→ **Work required**: Please transcribe exactly, and only, the lines of the data below between the line holding "云南省昆明市第一中学2025届高三年纪第二次联考化学" and the line holding "Комплект Мойка Florentina", inclusive.

→ **Information given**:
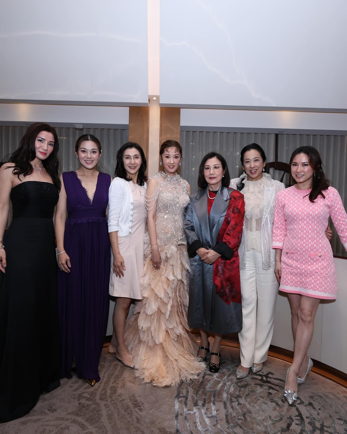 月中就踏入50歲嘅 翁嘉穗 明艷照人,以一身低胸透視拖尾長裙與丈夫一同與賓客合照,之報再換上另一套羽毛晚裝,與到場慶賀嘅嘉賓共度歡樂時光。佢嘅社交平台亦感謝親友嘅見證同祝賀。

...

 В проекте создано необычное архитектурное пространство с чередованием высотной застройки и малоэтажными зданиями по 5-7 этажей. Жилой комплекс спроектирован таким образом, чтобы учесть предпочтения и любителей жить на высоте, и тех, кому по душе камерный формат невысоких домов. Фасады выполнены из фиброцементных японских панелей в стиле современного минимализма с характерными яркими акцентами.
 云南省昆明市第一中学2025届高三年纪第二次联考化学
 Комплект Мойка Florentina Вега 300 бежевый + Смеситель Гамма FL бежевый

→ **Response**:
 云南省昆明市第一中学2025届高三年纪第二次联考化学
 Комплект Мойка Florentina Вега 300 бежевый + Смеситель Гамма FL бежевый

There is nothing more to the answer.